During his decade in power, Orban has promoted an “eastern opening” of
close business and political ties to Russia, while blocking Ukraine’s Nato and EU ambitions because of a dispute with Kyiv over the rights of ethnic Hungarians in the country.
But since Moscow launched an all-out assault on Ukraine at the end of February, Orban has denounced Russia and shown some solidarity with Kyiv — a tacit admission that the conflict has made his own position more vulnerable, according to analysts and political opponents. Many supporters of Orban’s Fidesz party are markedly cooler on Russia than Orban himself.
“Fidesz had not reckoned with such a difficult situation arising in the campaign,” said Robert Laszlo, an election expert at the think-tank Political Capital in Budapest. “They have an identity problem now, which is decidedly risky for them.”
The latest polls ahead of the April 3 election show Orban and
Fidesz leading by a narrow margin against an
opposition that has for the first time united behind a single candidate, Peter Marki-Zay, for the premiership. Some pollsters are reporting a shrinking Fidesz advantage, others a growing margin, with about a quarter of the electorate undecided.
According to a
2019 study published by the Tarki research institute, Hungarian public opinion has warmed to Russia considerably under Orban, with support rising to its highest level since the Communist era.
But in a
Euronews poll published this week, 60 per cent of respondents said the country had grown too close to Russia and that this now prevented it from doing more for Ukraine.

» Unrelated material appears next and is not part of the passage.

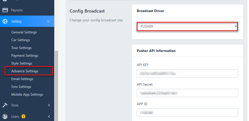 A próxima etapa é inserir o código da API Pusher noPainel > Configurações > Configurações avançadas > Transmissão de configuração > Pusher:
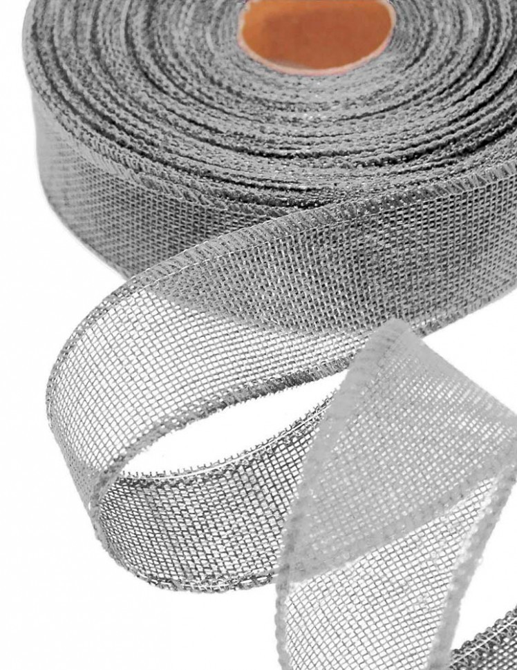 Лента Льняная 4см х 28м с проволокой (Серый)

Opposition protesters gather outside the Russian-owned International Investment Bank in Budapest to demonstrate against Russian president Vladimir Putin © Janos Kummer/Getty Images
Meanwhile, anecdotal evidence suggests that despite years of messaging from the ruling Fidesz party, many older voters who lived under Soviet domination until the collapse of Communism in 1989 remain sensitive to threats from the east.
“I used to vote for Orban, but his love of Putin always unnerved me,” said Albert Kovacs, a retired public servant, speaking at a demonstration by about 2,000 opposition protesters outside the Budapest headquarters of
Russia’s International Investment Bank earlier this week. . “It’s high time to end that love affair. Make no mistake: the Russians have smelled blood. I lived most of my life under Russian influence and I am not returning there.”
The opposition is seeking to capitalise on Orban’s previous warmth towards Moscow, saying the premier has left Hungary open for “Russian spies”.
Marki-Zay has called Orban “Putin’s poodle” and has advocated a much less ambivalent stance towards the EU, following years of antagonism between Budapest and Brussels.
The premier “first supported everything [Russian president Vladimir] Putin did, then lo and behold, he declared Putin an aggressor,” Marki-Zay told the crowd outside the bank. “We demand that he stop his policy of neither here nor there and more Hungary once and for all in the west, Europe, Nato.”
Orban has now backed fast-tracking Ukraine’s EU membership and international sanctions against Russia. But he has said Budapest would stand by a cheap Russian gas supply deal “as long as I am premier” and remains opposed to Hungary’s participation in
military support.
Even with the Russian invasion well under way, Orban has also defended Paks 2, Hungary’s €12.5bn finance-and-build agreement with Russia’s state nuclear monopoly Rosatom for a
new nuclear power plant. Fidesz MEPs last week approved a European parliament resolution banning any co-operation with Rosatom, which could effectively kill the project, only for the premier again to defend Paks in a subsequent
interview.
Meanwhile, as Fidesz struggles to maintain its balancing act between Moscow and the west, deputy prime minister Zsolt Semjen signalled Ukraine should be in the sphere of neither. Ukraine’s sovereignty and integrity was important for it to be “a buffer state between the Russian empire and the EU”, he told a recent campaign rally.
“If Ukraine was a member of Nato, we would already have a world war on our hands,” Semjen was quoted as saying by news website telex.hu.
Gabor Torok, an independent political analyst, said the war was a headache for Fidesz. “For the first time in [years] Fidesz voters are divided over a key issue,” he said. It would be difficult for Orban to balance maintaining friendly relations with Moscow while keeping Hungary within the Nato and EU fold, he added.
Orban is not yet cornered politically: his new narrative, in which he presents Hungary’s reluctance to extend military aid to Ukraine or admit Kyiv to Nato as serving the cause of peace, has resonated with voters, analysts say.
More than two-thirds of Hungarians want the country to stay out of the conflict completely, according to the Euronews poll — in line with Orban’s policy.
But despite Fidesz efforts to reframe the narrative, voters remain confused and the party is losing its sense of direction amid the sudden change of rhetoric, said Laszlo.
“Fidesz had pummelled the message of ‘there will be no war, we will defend cheap energy’ so intensely that they have a hard time reversing it,” Laszlo said. “That can and does cause a credibility deficit.”